이어도 해양과학기지 자료를 활용한 SMAP 인공위성 염분 검증

  • Park, Jae-Jin (Department of Science Education, Seoul National University) ;
  • Park, Kyung-Ae (Department of Earth Science Education/Research Institute of Oceanography, Seoul National University) ;
  • Kim, Hee-Young (Department of Science Education, Seoul National University) ;
  • Lee, Eunil (Ocean Research Division, Korea Hydrographic and Oceanographic Agency) ;
  • Byun, Do-Seong (Ocean Research Division, Korea Hydrographic and Oceanographic Agency) ;
  • Jeong, Kwang-Yeong (Ocean Research Division, Korea Hydrographic and Oceanographic Agency)
  • 박재진 (서울대학교 과학교육과) ;
  • 박경애 (서울대학교 지구과학교육과/해양연구소) ;
  • 김희영 (서울대학교 과학교육과) ;
  • 이은일 (국립해양조사원 해양과학조사연구실) ;
  • 변도성 (국립해양조사원 해양과학조사연구실) ;
  • 정광영 (국립해양조사원 해양과학조사연구실)
  • Received : 2020.10.13
  • Accepted : 2020.10.19
  • Published : 2020.10.31

Abstract

Salinity is not only an important variable that determines the density of the ocean but also one of the main parameters representing the global water cycle.
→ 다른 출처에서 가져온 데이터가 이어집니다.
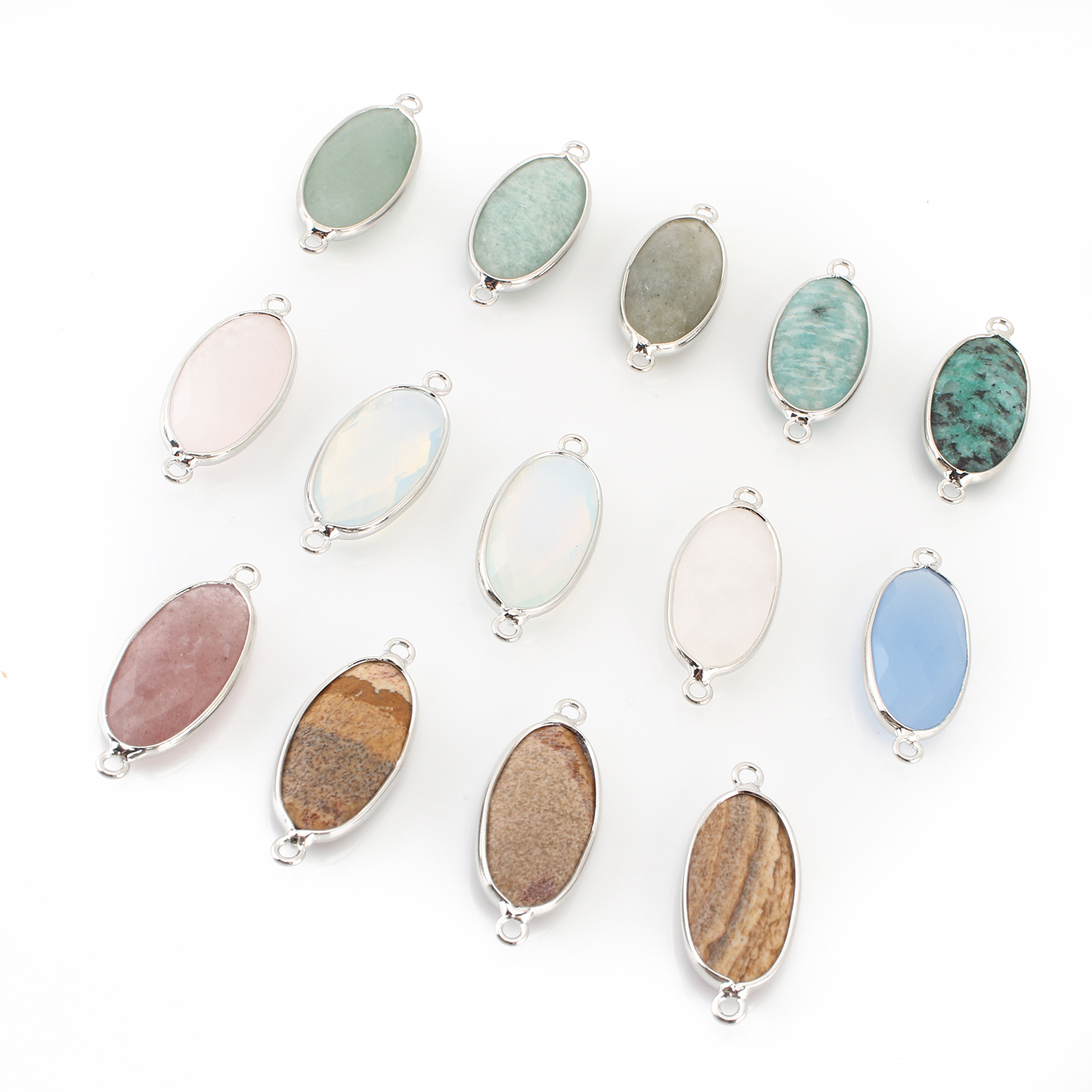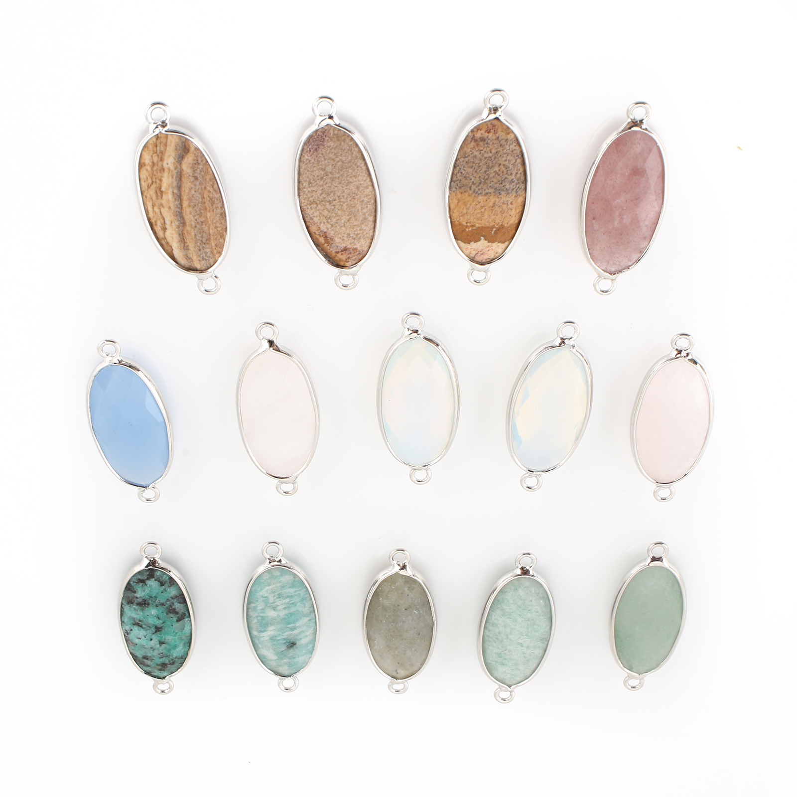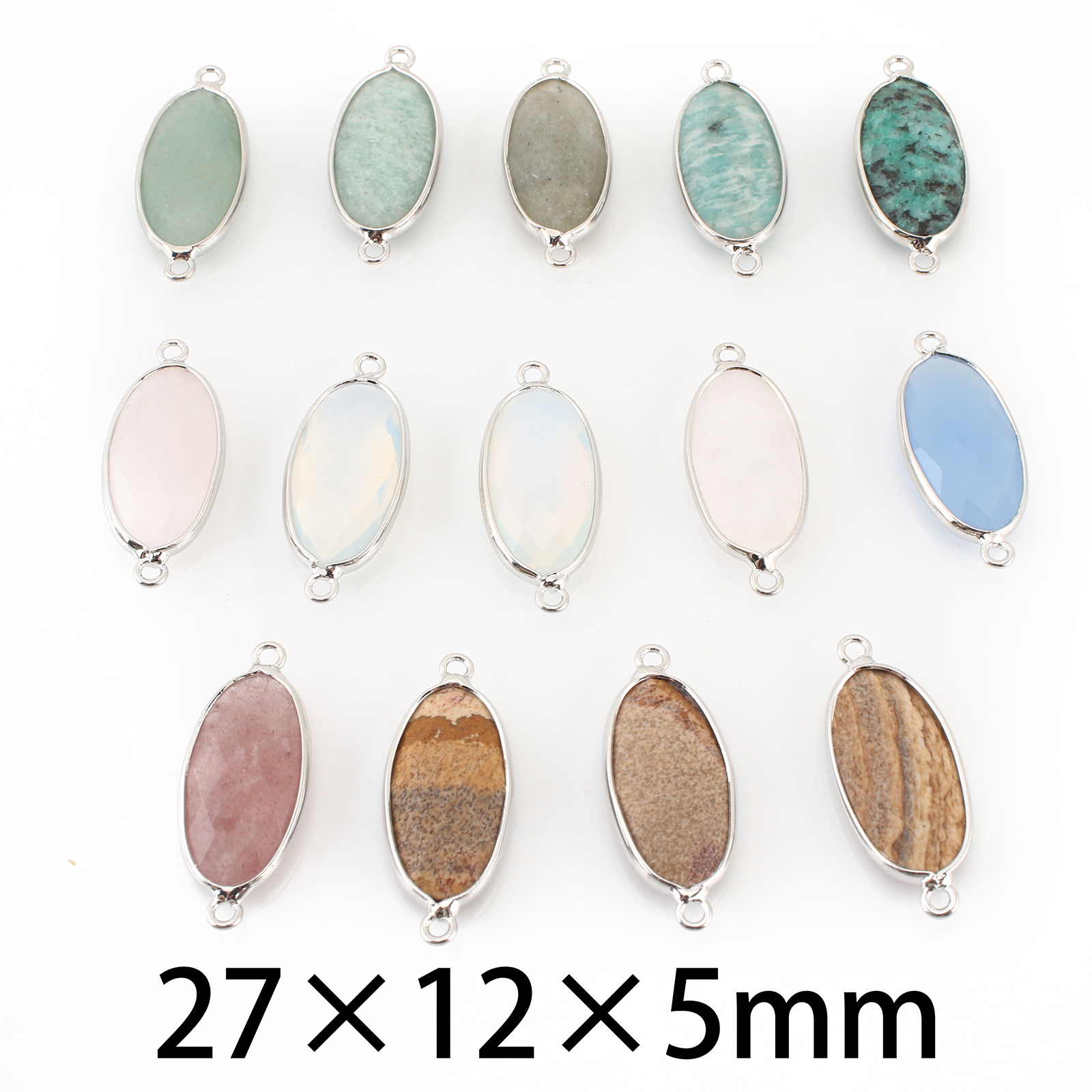 Connecteur de pierre gemme, avec laiton, ovale plat, DIY, plus de couleurs à choisir, 27x12x5mm, Vendu par PC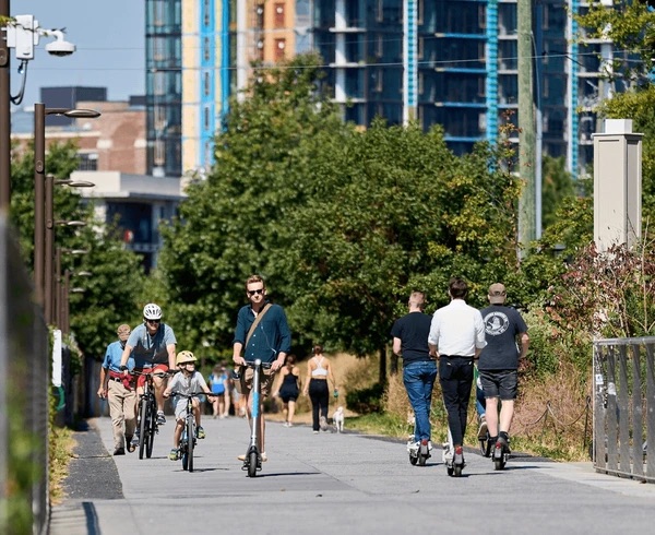 ATLANTA, GEORGIA – OCTOBER 07, 2022: Active people riding bikes, walking and jogging on the Atlanta BeltLine near Ponce Market.

Ocean salinity observations have been mainly conducted using ships, Argo floats, and buoys. Since the first satellite salinity was launched in 2009, it is also possible to observe sea surface salinity in the global ocean using satellite salinity data. However, the satellite salinity data contain various errors, it is necessary to validate its accuracy before applying it as research data. In this study, the salinity accuracy between the Soil Moisture Active Passive (SMAP) satellite salinity data and the in-situ salinity data provided by the Ieodo ocean research station was evaluated, and the error characteristics were analyzed from April 2015 to August 2020. As a result, a total of 314 match-up points were produced, and the root mean square error (RMSE) and mean bias of salinity were 1.79 and 0.91 psu, respectively. Overall, the satellite salinity was overestimated compare to the in-situ salinity. Satellite salinity is dependent on various marine environmental factors such as season, sea surface temperature (SST), and wind speed. In summer, the difference between the satellite salinity and the in-situ salinity was less than 0.18 psu. This means that the accuracy of satellite salinity increases at high SST rather than at low SST. This accuracy was affected by the sensitivity of the sensor. Likewise, the error was reduced at wind speeds greater than 5 m s-1. This study suggests that satellite-derived salinity data should be used in coastal areas for limited use by checking if they are suitable for specific research purposes.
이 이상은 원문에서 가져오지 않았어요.